» **Supplied material**
BEGIN
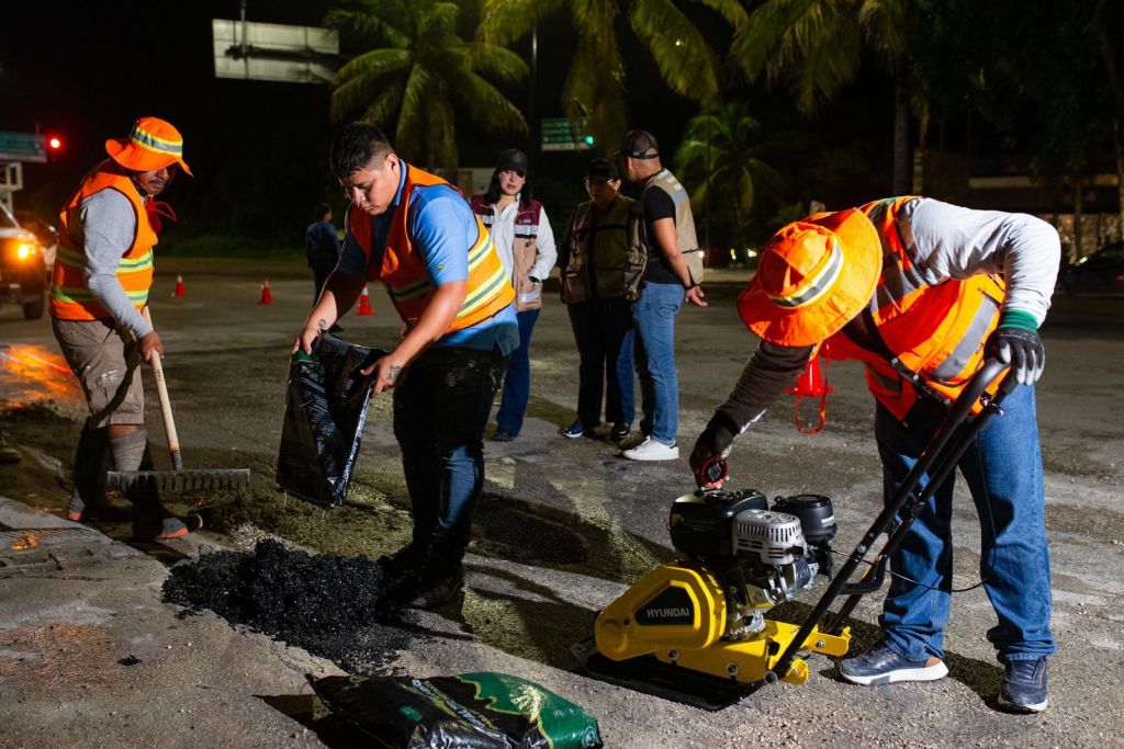 Playa del Carmen, Quintana Roo, 31 de octubre de 2024.- Con el objetivo de afrontar un rezago de tres años en materia de bacheo en esta ciudad, la presidenta municipal de Solidaridad, Estefanía Mercado, puso en marcha durante la madrugada de este jueves, un plan para reforzar los trabajos que lleva a cabo el personal de Servicios Públicos.
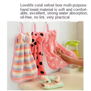Коралловый бархат подвеска-бант полотенце, сильное поглощение воды, без удаления волос, кухонное полотенце
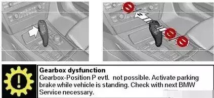 4.一旦起动机被接合,马上按住选档杆上的解锁按钮,把选档杆向前推到N档位置。保持选档杆在N档位置,直到听到检查控制信息的报警音“Gong”,此时检查控制信息会显示"GEARBOS DYSFUNCTION"。至此请释放选档杆。
END
» **Directions for this task**
What you need to copy is the run of lines from the one holding "Коралловый бархат подвеска-бант" through the end of the data, exactly and only, both ends included, pictures omitted.

» **Exercise result**
Коралловый бархат подвеска-бант полотенце, сильное поглощение воды, без удаления волос, кухонное полотенце
 4.一旦起动机被接合,马上按住选档杆上的解锁按钮,把选档杆向前推到N档位置。保持选档杆在N档位置,直到听到检查控制信息的报警音“Gong”,此时检查控制信息会显示"GEARBOS DYSFUNCTION"。至此请释放选档杆。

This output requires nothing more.